Collected data entries:
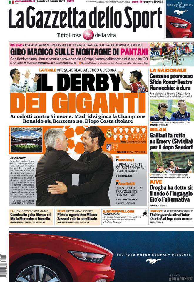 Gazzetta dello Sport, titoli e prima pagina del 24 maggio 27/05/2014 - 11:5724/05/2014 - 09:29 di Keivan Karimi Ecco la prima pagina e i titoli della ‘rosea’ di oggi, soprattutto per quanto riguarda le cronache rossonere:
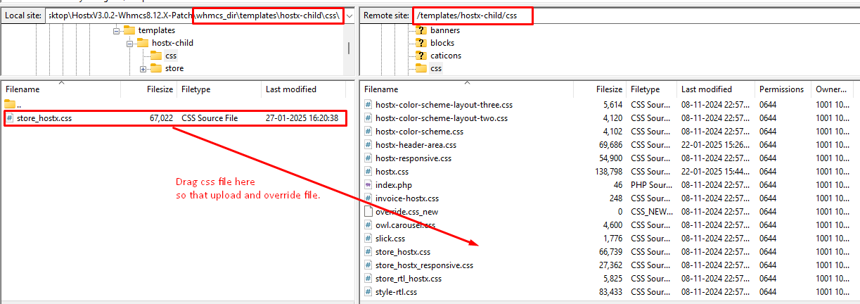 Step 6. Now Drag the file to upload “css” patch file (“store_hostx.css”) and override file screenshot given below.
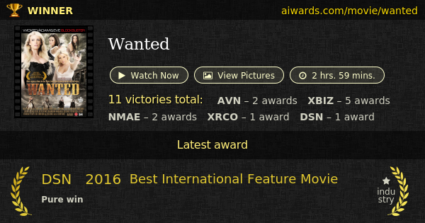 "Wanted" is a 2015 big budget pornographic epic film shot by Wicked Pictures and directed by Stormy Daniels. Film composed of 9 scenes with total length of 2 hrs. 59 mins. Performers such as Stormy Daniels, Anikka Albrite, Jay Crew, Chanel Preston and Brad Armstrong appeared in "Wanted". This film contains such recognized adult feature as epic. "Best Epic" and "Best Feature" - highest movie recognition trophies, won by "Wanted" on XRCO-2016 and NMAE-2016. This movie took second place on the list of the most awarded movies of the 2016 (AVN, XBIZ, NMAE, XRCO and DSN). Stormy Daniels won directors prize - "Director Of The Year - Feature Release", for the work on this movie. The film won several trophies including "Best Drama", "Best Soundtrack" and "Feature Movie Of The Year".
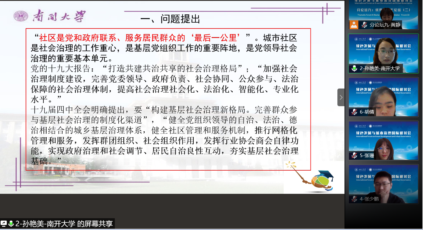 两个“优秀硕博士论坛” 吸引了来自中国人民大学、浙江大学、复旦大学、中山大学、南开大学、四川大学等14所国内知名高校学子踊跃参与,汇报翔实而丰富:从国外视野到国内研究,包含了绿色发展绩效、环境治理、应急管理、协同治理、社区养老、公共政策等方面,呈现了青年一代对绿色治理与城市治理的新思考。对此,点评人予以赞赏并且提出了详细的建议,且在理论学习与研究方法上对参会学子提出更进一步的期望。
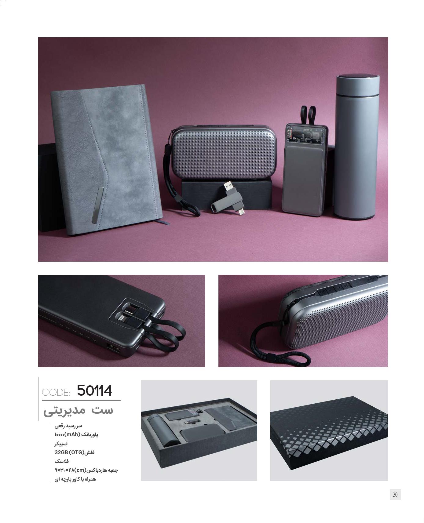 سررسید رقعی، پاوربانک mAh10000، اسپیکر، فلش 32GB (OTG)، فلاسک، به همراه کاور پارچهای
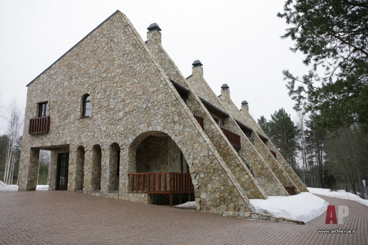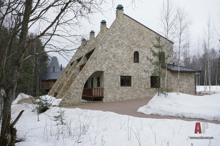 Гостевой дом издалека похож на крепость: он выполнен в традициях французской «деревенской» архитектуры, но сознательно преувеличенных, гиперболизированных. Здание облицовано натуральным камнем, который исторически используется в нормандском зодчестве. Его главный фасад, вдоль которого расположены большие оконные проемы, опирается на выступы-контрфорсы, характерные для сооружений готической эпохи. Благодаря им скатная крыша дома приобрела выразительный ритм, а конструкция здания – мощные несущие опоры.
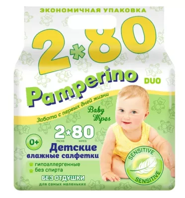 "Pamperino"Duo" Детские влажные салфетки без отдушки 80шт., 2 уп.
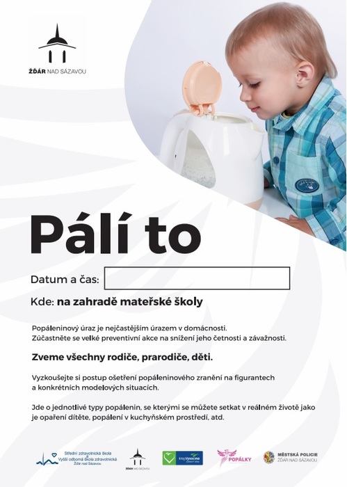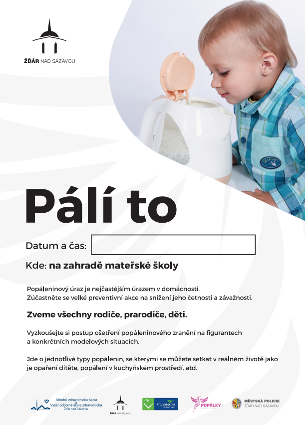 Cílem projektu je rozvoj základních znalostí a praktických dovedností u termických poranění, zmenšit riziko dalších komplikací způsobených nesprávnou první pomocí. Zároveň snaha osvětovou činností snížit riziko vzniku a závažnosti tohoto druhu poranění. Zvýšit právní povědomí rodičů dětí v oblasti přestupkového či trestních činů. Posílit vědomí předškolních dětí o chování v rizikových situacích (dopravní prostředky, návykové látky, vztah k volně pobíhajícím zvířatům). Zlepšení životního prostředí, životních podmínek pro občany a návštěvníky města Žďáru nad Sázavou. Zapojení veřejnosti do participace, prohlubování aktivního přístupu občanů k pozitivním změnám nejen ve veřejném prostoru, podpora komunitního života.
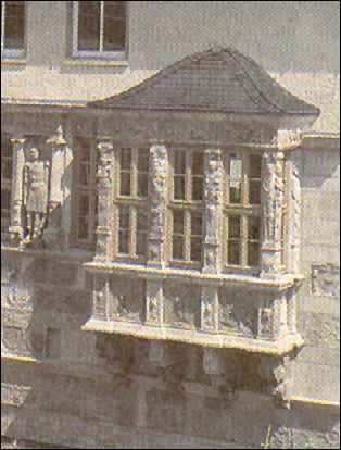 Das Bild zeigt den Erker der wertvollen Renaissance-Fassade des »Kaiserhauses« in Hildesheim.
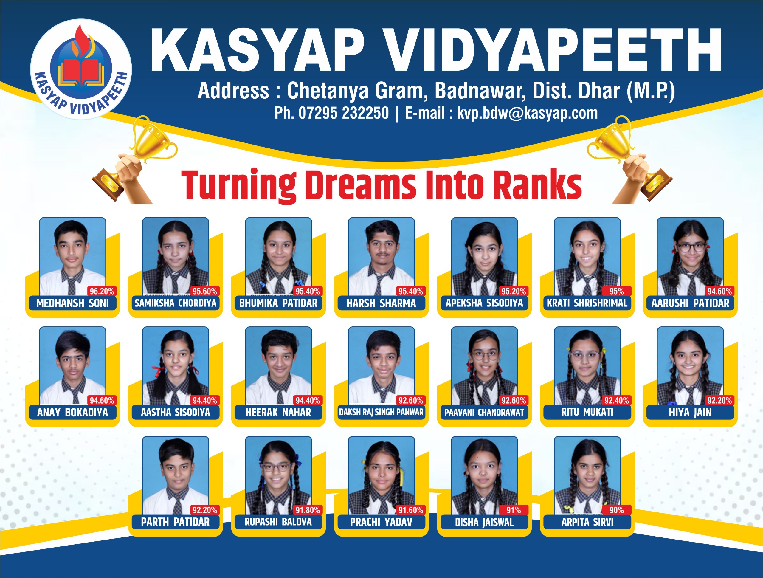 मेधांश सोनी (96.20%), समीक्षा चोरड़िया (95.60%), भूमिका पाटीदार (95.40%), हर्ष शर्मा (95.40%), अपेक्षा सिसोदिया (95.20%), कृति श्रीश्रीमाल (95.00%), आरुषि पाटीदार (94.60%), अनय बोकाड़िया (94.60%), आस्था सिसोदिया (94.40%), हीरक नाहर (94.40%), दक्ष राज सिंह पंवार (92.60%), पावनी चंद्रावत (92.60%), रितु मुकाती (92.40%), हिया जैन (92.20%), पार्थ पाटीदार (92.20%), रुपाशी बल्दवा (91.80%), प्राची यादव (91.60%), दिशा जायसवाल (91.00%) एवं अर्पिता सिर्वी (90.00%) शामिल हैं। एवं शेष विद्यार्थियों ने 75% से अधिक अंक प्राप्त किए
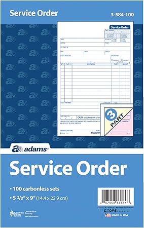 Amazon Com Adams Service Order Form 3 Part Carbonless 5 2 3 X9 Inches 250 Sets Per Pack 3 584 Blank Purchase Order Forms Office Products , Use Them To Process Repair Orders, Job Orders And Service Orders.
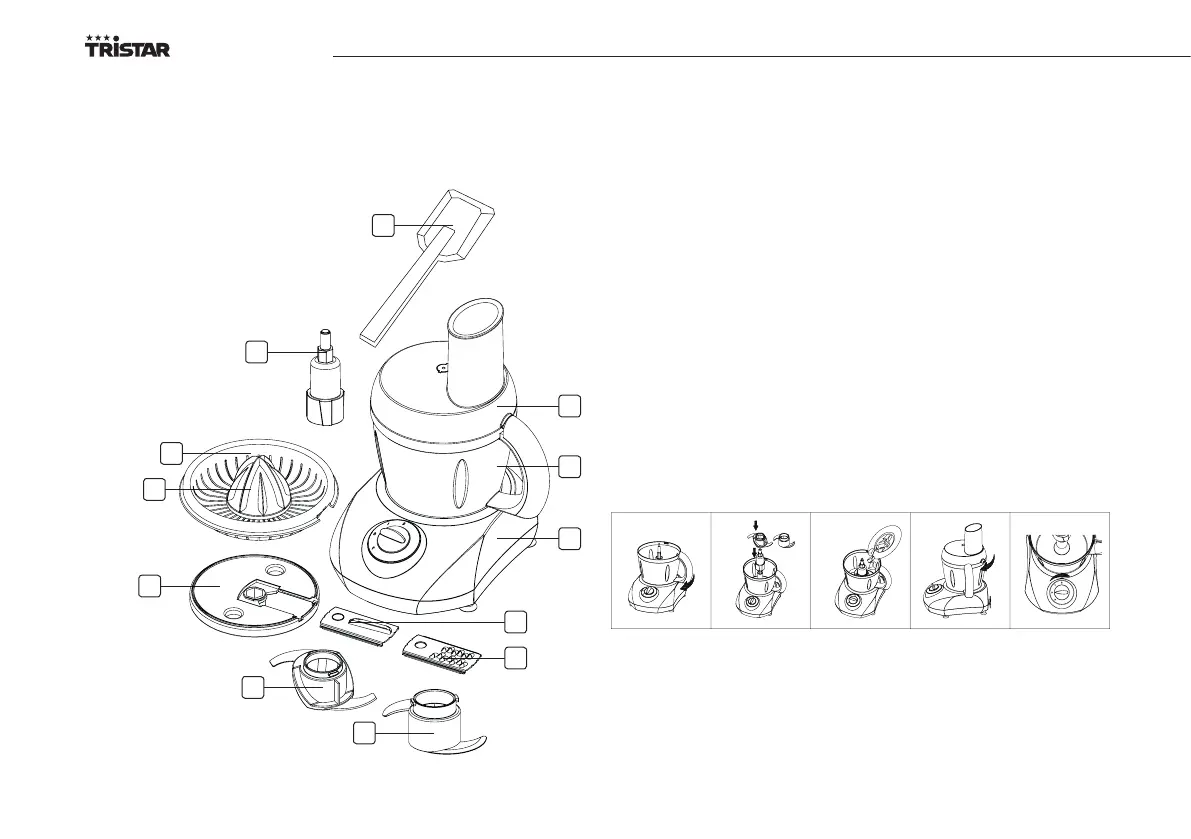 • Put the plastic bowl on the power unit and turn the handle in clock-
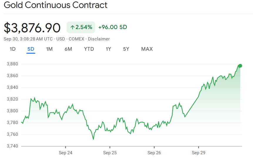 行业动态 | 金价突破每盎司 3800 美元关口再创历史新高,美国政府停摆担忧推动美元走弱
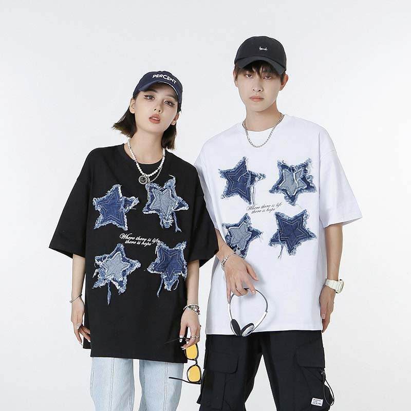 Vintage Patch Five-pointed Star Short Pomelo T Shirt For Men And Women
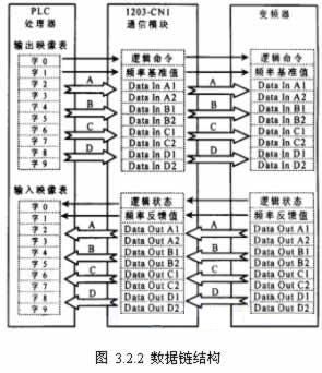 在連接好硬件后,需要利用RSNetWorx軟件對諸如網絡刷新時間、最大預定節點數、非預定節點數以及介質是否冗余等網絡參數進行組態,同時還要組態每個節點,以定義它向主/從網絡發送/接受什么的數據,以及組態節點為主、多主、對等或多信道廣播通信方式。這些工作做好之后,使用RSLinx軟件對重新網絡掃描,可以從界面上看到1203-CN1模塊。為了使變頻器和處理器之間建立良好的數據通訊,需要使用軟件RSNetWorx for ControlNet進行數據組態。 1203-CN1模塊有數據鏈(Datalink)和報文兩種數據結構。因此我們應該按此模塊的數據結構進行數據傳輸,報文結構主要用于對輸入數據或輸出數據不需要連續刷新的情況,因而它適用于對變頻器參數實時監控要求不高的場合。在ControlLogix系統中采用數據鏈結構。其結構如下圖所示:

Directions for this task:
With the pictures omitted, restate every entry above word for word.

Answer to the exercise:
 Gazzetta dello Sport, titoli e prima pagina del 24 maggio 27/05/2014 - 11:5724/05/2014 - 09:29 di Keivan Karimi Ecco la prima pagina e i titoli della ‘rosea’ di oggi, soprattutto per quanto riguarda le cronache rossonere:
 Step 6. Now Drag the file to upload “css” patch file (“store_hostx.css”) and override file screenshot given below.
 "Wanted" is a 2015 big budget pornographic epic film shot by Wicked Pictures and directed by Stormy Daniels. Film composed of 9 scenes with total length of 2 hrs. 59 mins. Performers such as Stormy Daniels, Anikka Albrite, Jay Crew, Chanel Preston and Brad Armstrong appeared in "Wanted". This film contains such recognized adult feature as epic. "Best Epic" and "Best Feature" - highest movie recognition trophies, won by "Wanted" on XRCO-2016 and NMAE-2016. This movie took second place on the list of the most awarded movies of the 2016 (AVN, XBIZ, NMAE, XRCO and DSN). Stormy Daniels won directors prize - "Director Of The Year - Feature Release", for the work on this movie. The film won several trophies including "Best Drama", "Best Soundtrack" and "Feature Movie Of The Year".
 两个“优秀硕博士论坛” 吸引了来自中国人民大学、浙江大学、复旦大学、中山大学、南开大学、四川大学等14所国内知名高校学子踊跃参与,汇报翔实而丰富:从国外视野到国内研究,包含了绿色发展绩效、环境治理、应急管理、协同治理、社区养老、公共政策等方面,呈现了青年一代对绿色治理与城市治理的新思考。对此,点评人予以赞赏并且提出了详细的建议,且在理论学习与研究方法上对参会学子提出更进一步的期望。
 سررسید رقعی، پاوربانک mAh10000، اسپیکر، فلش 32GB (OTG)، فلاسک، به همراه کاور پارچهای
 Гостевой дом издалека похож на крепость: он выполнен в традициях французской «деревенской» архитектуры, но сознательно преувеличенных, гиперболизированных. Здание облицовано натуральным камнем, который исторически используется в нормандском зодчестве. Его главный фасад, вдоль которого расположены большие оконные проемы, опирается на выступы-контрфорсы, характерные для сооружений готической эпохи. Благодаря им скатная крыша дома приобрела выразительный ритм, а конструкция здания – мощные несущие опоры.
 "Pamperino"Duo" Детские влажные салфетки без отдушки 80шт., 2 уп.
 Cílem projektu je rozvoj základních znalostí a praktických dovedností u termických poranění, zmenšit riziko dalších komplikací způsobených nesprávnou první pomocí. Zároveň snaha osvětovou činností snížit riziko vzniku a závažnosti tohoto druhu poranění. Zvýšit právní povědomí rodičů dětí v oblasti přestupkového či trestních činů. Posílit vědomí předškolních dětí o chování v rizikových situacích (dopravní prostředky, návykové látky, vztah k volně pobíhajícím zvířatům). Zlepšení životního prostředí, životních podmínek pro občany a návštěvníky města Žďáru nad Sázavou. Zapojení veřejnosti do participace, prohlubování aktivního přístupu občanů k pozitivním změnám nejen ve veřejném prostoru, podpora komunitního života.
 Das Bild zeigt den Erker der wertvollen Renaissance-Fassade des »Kaiserhauses« in Hildesheim.
 मेधांश सोनी (96.20%), समीक्षा चोरड़िया (95.60%), भूमिका पाटीदार (95.40%), हर्ष शर्मा (95.40%), अपेक्षा सिसोदिया (95.20%), कृति श्रीश्रीमाल (95.00%), आरुषि पाटीदार (94.60%), अनय बोकाड़िया (94.60%), आस्था सिसोदिया (94.40%), हीरक नाहर (94.40%), दक्ष राज सिंह पंवार (92.60%), पावनी चंद्रावत (92.60%), रितु मुकाती (92.40%), हिया जैन (92.20%), पार्थ पाटीदार (92.20%), रुपाशी बल्दवा (91.80%), प्राची यादव (91.60%), दिशा जायसवाल (91.00%) एवं अर्पिता सिर्वी (90.00%) शामिल हैं। एवं शेष विद्यार्थियों ने 75% से अधिक अंक प्राप्त किए
 Amazon Com Adams Service Order Form 3 Part Carbonless 5 2 3 X9 Inches 250 Sets Per Pack 3 584 Blank Purchase Order Forms Office Products , Use Them To Process Repair Orders, Job Orders And Service Orders.
 • Put the plastic bowl on the power unit and turn the handle in clock-
 行业动态 | 金价突破每盎司 3800 美元关口再创历史新高,美国政府停摆担忧推动美元走弱
 Vintage Patch Five-pointed Star Short Pomelo T Shirt For Men And Women
 在連接好硬件后,需要利用RSNetWorx軟件對諸如網絡刷新時間、最大預定節點數、非預定節點數以及介質是否冗余等網絡參數進行組態,同時還要組態每個節點,以定義它向主/從網絡發送/接受什么的數據,以及組態節點為主、多主、對等或多信道廣播通信方式。這些工作做好之后,使用RSLinx軟件對重新網絡掃描,可以從界面上看到1203-CN1模塊。為了使變頻器和處理器之間建立良好的數據通訊,需要使用軟件RSNetWorx for ControlNet進行數據組態。 1203-CN1模塊有數據鏈(Datalink)和報文兩種數據結構。因此我們應該按此模塊的數據結構進行數據傳輸,報文結構主要用于對輸入數據或輸出數據不需要連續刷新的情況,因而它適用于對變頻器參數實時監控要求不高的場合。在ControlLogix系統中采用數據鏈結構。其結構如下圖所示:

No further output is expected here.